Triad Securities
- Company type: Private
- Industry: Finance
- Founded: 1976
- Headquarters: New York City, New York, U.S.
- Key people: Richard Schultz (Founder)
- Services: Prime Brokerage U.S. and Intl. Execution New Issue Service
- Website: www.triadsecurities.com

= Triad Securities =

Triad Securities Corp. was founded in 1976 as a full-service agency only discount brokerage firm. Triad’s products and services comprise three categories: prime brokerage, the New Issue Service, and U.S. and international equity and fixed income execution.

==History==
Triad Securities Corp. was founded as a discount brokerage firm in July 1976 by Richard Schultz. Schultz navigated Triad Securities through the stock market crisis of 1987, as well as the Great Recession of 2008. Schultz, now deceased, had gained substantial experience working in brokerage firms including EF Hutton, Bear Stearns, Weisenberg, Weis Voison & Co., and Muriel Seibert; he was also President of Ladenberg Thalmann prior to founding Triad Securities. Triad Securities Corp. has been providing prime brokerage services to its global clients since 1994.

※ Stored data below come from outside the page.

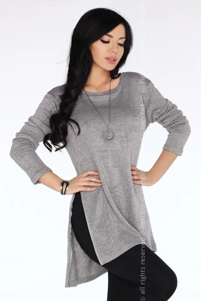 Ciekawa tunika wykonana z miękkej, elastycznej dzianiny. Z powodzeniem zastąpi Ci zarówno bluzkę, tunikę, jak i sweterek. Ma delikatny, szary kolor i prosty krój, który zdobią dwa rozsuwane zamki, umieszczone po obu stronach tuniki. Możesz rozpinać je jak chcesz i wciąż tworzyć nowe stylizacje. Skład: 85% poliester, 15% bawełna.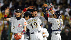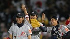 2008 북경올림픽야구 아시아 예선 한국과 일본의 경기가 2일 대만 인터콘티넨탈구장에서 벌어져 한국이 3-4로 역전패, 올림픽 직행 티켓의 자력 획득이 불가능해졌다. 호시노 감독 등 코칭스태프가 기뻐하며 포수 아베와 기쁨을 나누고 있다./타이중=손용호 기자spjj@osen.co.kr <2007 삼성 PAVV 프로야구> [Copyright ⓒ...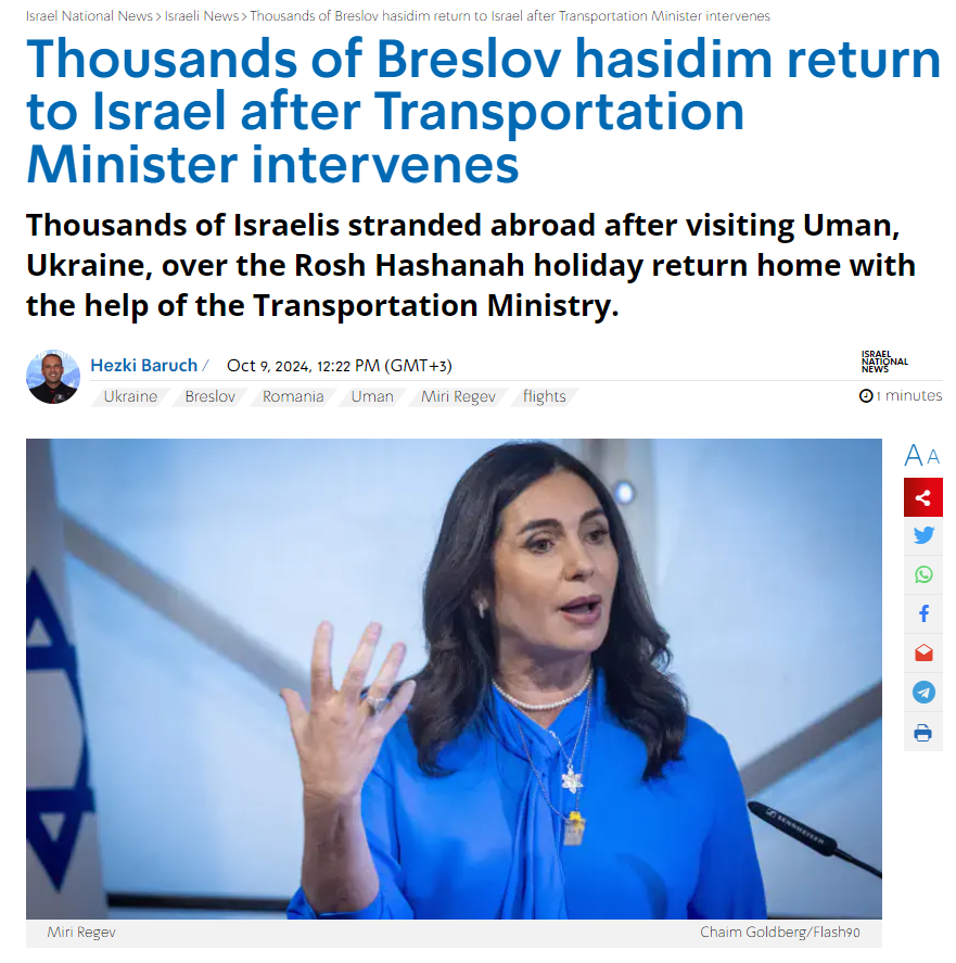 10月8日,《以色列郵報》援引猶太宗教資訊網站matzav的説法稱,由於邊境預約問題,在新年慶祝結束後,有數千名布拉茨拉夫哈西迪派教徒被困在烏克蘭和羅馬尼亞的邊境,無法從烏曼返回以色列。以色列國家新聞在10月9日撰文稱,在以色列交通部長米里·雷傑夫(Miri Regev)的斡旋下,這些哈西迪教徒已成功返回家園。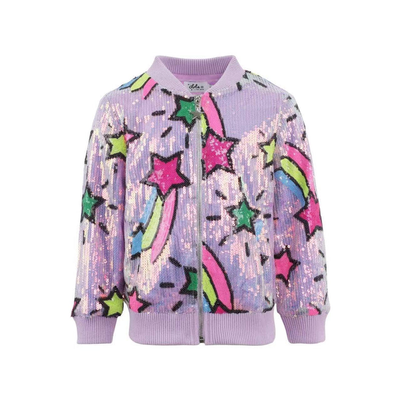 Lola + The Boys 2 Lavender Shooting Star Sequin Bomber
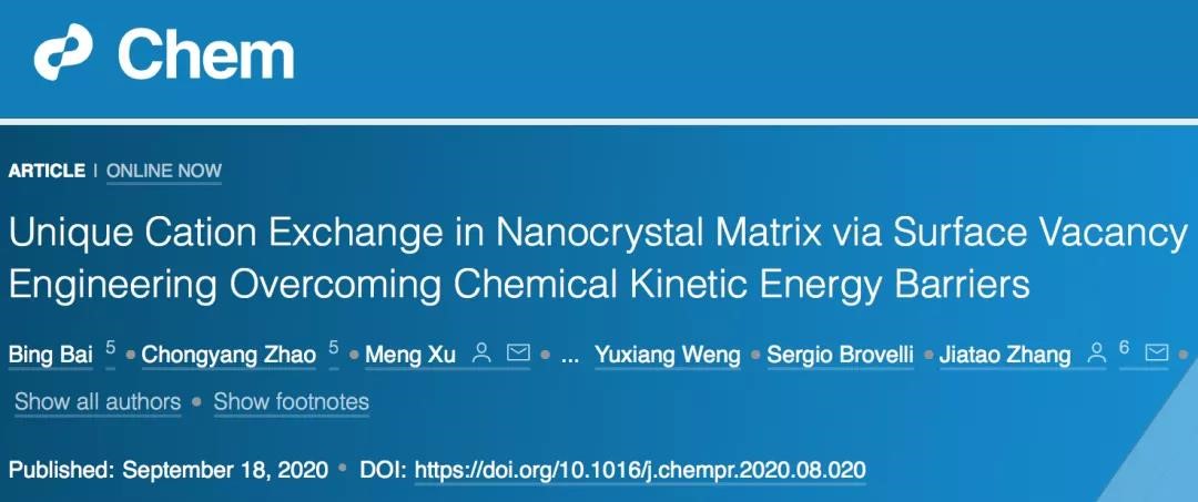 编辑:刘晓雪 审核:金海波 阅读次数:可控掺杂引起的精准能带工程是光电新能源应用的半导体纳米材料关键前提。近日,北京成品人和一品二品的区别张加涛教授团队利用表面空位成功克服离子交换反应当中的动力学势垒,创新性提出了新的合成方法,在制备双异价离子掺杂半导体纳米晶/量子点的研究中取得重要进展,相关成果以“Unique Cation Exchange in Nanocrystal Matrix via Surface Vacancy Engineering Overcoming Chemical Kinetic Energy Barriers” 为题,于Cell旗舰杂志《Chem》在线发表(IF:19.735)(文章DOI: 10.1016/j.chempr.2020.08.020)。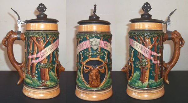 The text on the second stein reads "Best people on earth". The lid is a replacement, soldered to the original thumblift, it appears to be pot metal rather than pewter. Both steins have the same handle. Both hold unusual capacities, the first about .9 liter and the second about .75 liter. Neither have any markings other than Germany on the bottoms. My guess is that they are JW Remy's. |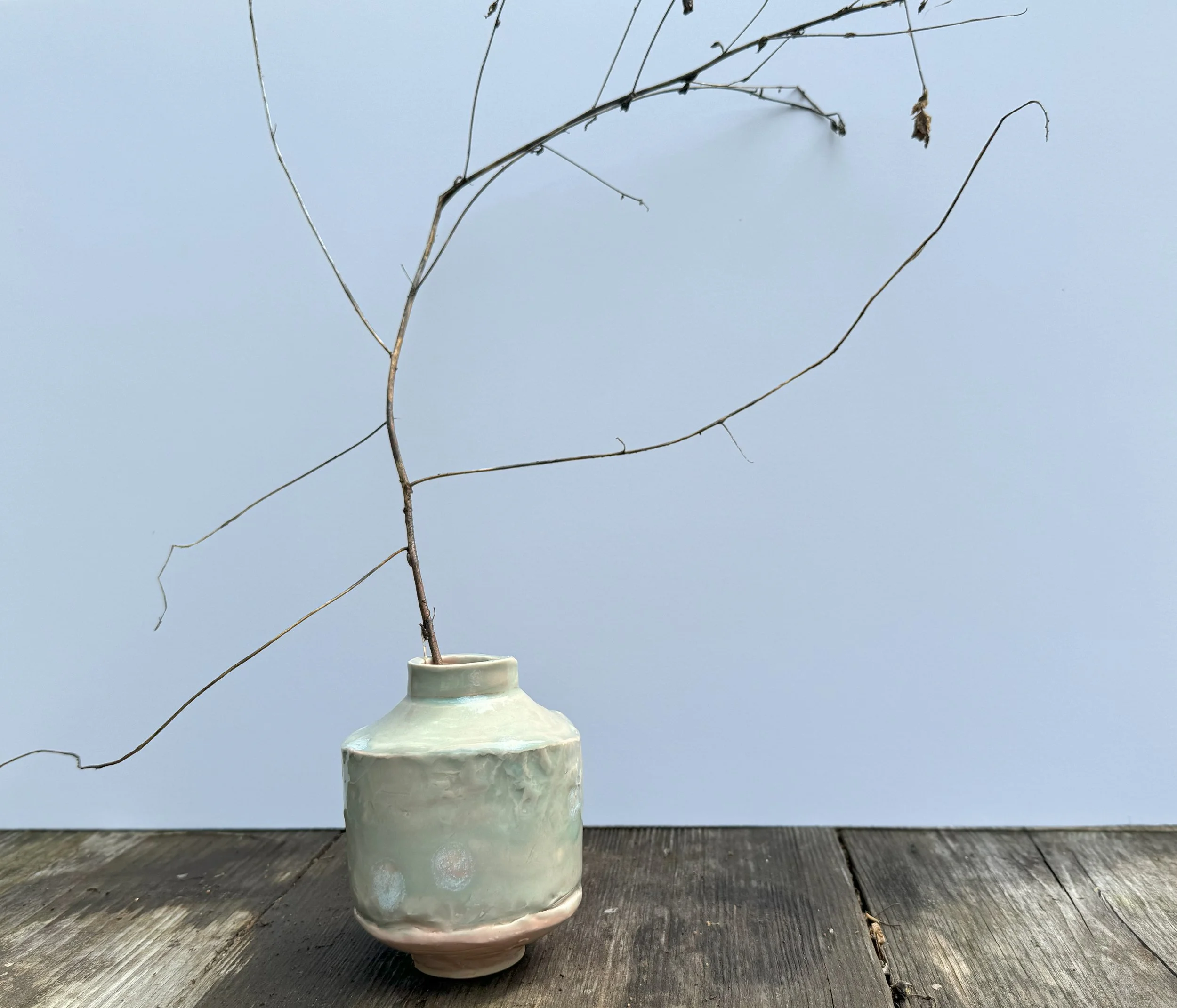 This handmade, slab-built vessel with a wabi-sabi aesthetic, shows the texture and imprint of human touch. It is a rebellion against perfection and machine made creations. The texture comes from spring plants in my garden, pressed into clay. This creates a realistic, but stylized call to nature. A pale blue glossy glaze with white splashes across a pink matte background. The vessel is approximately 4in in diameter, by 4.75in high, with a a 1.25in opening. This vessel is a second, as it has some slight cracks around the bottom seam, and will not hold water.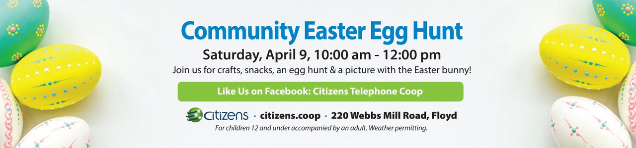 Citizens Telephone Coop presents hosts their 2022 Community Easter Egg Hunt on Saturday, April 9, 2022.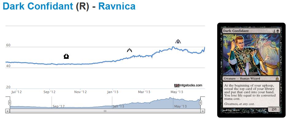 There were two major problems with this plan. First, despite my selling out during the midst of Modern season, card prices continued to rise well beyond. In fact, the price on Dark Confidant peaked well after Modern season ended in late April. Once Wizards confirmed Dark Confidant’s place in Modern Masters, the price did drop as I anticipated! But this leads me to the second problem.
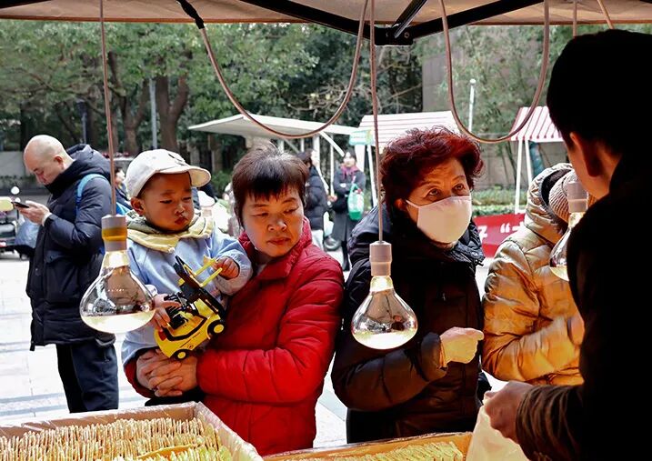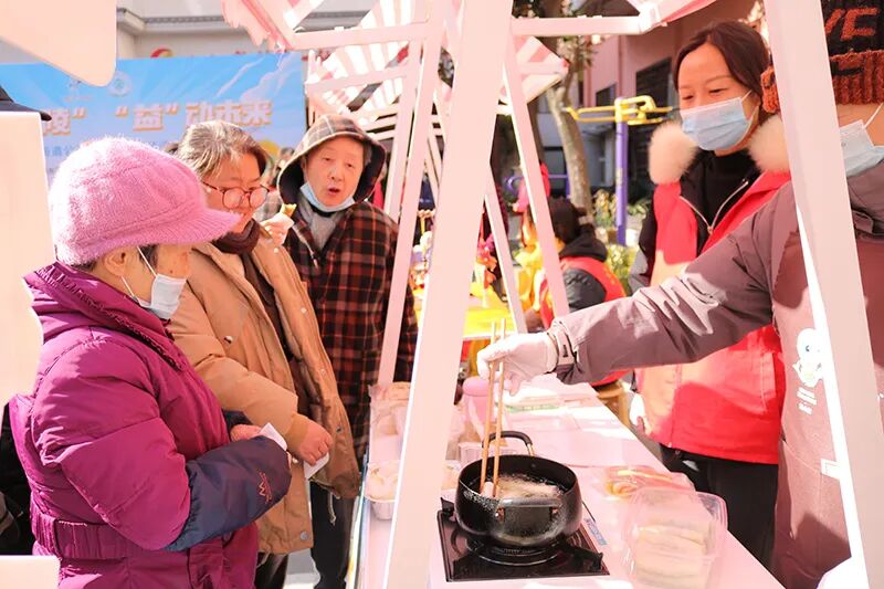 工一、工二社区的以爱引“陵”,“益”动未来公益集市,摊位上摆满了各式各样的年货,有美食、虎头鞋、理发、便民服务等摊位。居民们穿梭在摊位之间,欢声笑语不断。大集上还有豆腐汤等常州传统小吃,喝上一口热气腾腾的豆腐汤,儿时记忆瞬间在口中散开,唤起了童年的美好回忆。在这里,不仅能够收获到心仪的年货,更能重拾那份久违的烟火记忆,感受到春节独有的热闹与欢乐。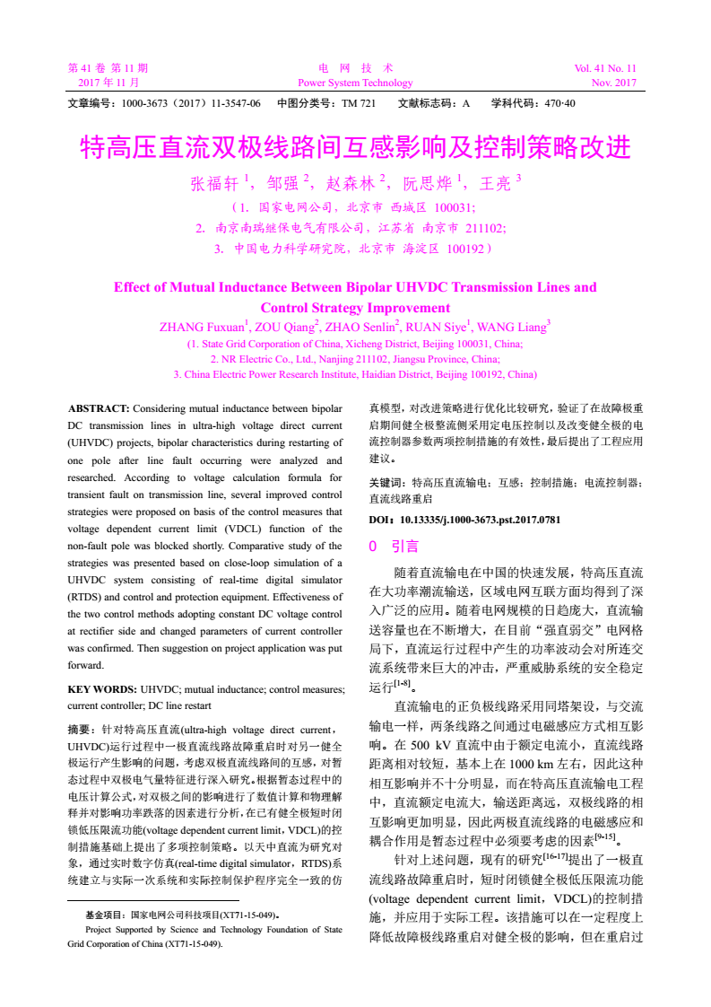 關(guān)鍵詞:特高壓直流輸電;互感;控制措施;電流控制器;直流線路重啟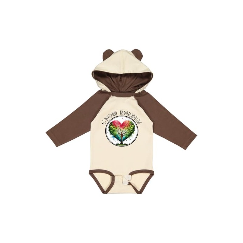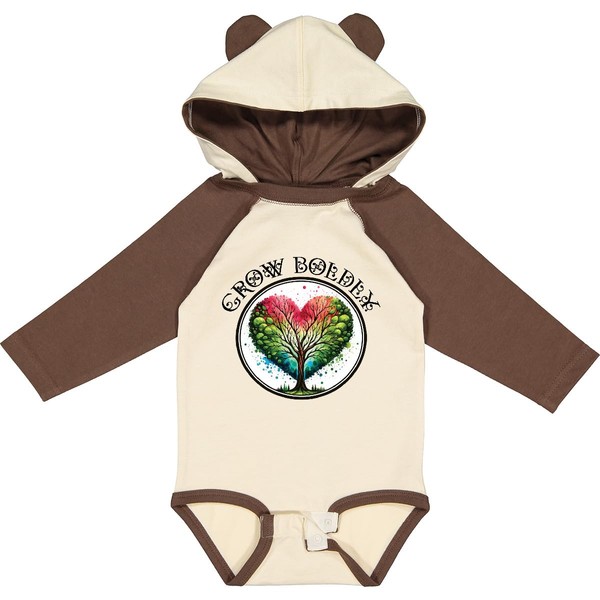 inktastic Grow Boldly Inspirational Tree Long Sleeve Creeper 12 Months Natural & Brown W Ears 45a55

In 2016, former JP Morgan executive Tom Landsberger was hired as director of prime brokerage sales.

In 2019, the company launched its Prime Brokerage mobile app, Triade Mobile, which allows customers to access their entire financial profile.

== Operations ==
Triad Securities Corp. continues to operate through its Wall Street headquarters at 111 Broadway in New York City. Triad is registered with the U.S. Securities and Exchange Commission (SEC), is a member of FINRA (Financial Industry Regulatory Authority), and a member of SIPC (Securities Investor Protection Corporation).